- The data:
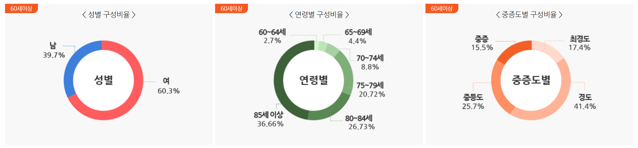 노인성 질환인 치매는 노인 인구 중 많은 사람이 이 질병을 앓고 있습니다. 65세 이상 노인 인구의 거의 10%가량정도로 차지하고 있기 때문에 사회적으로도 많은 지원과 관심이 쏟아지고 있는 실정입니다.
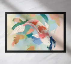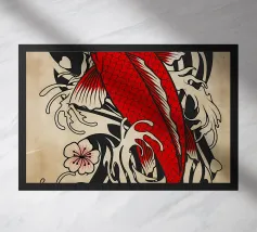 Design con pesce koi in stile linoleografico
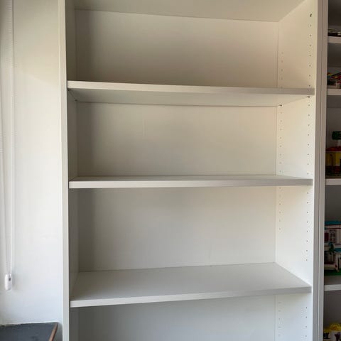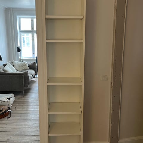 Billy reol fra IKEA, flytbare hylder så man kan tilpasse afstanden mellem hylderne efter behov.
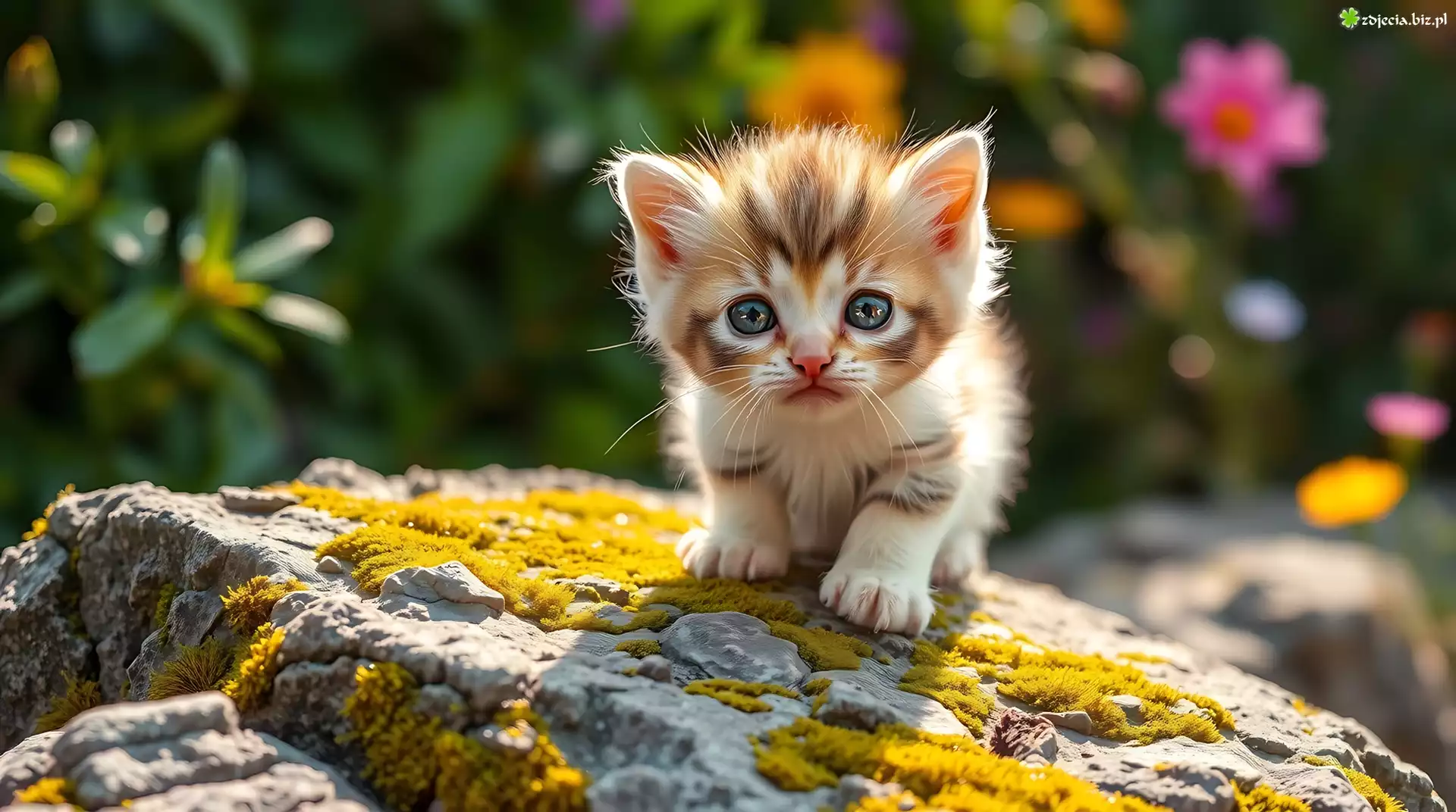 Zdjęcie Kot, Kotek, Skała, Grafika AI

- Required work: Print the listing exactly, pictures excluded.

- Result for this task:
 노인성 질환인 치매는 노인 인구 중 많은 사람이 이 질병을 앓고 있습니다. 65세 이상 노인 인구의 거의 10%가량정도로 차지하고 있기 때문에 사회적으로도 많은 지원과 관심이 쏟아지고 있는 실정입니다.
 Design con pesce koi in stile linoleografico
 Billy reol fra IKEA, flytbare hylder så man kan tilpasse afstanden mellem hylderne efter behov.
 Zdjęcie Kot, Kotek, Skała, Grafika AI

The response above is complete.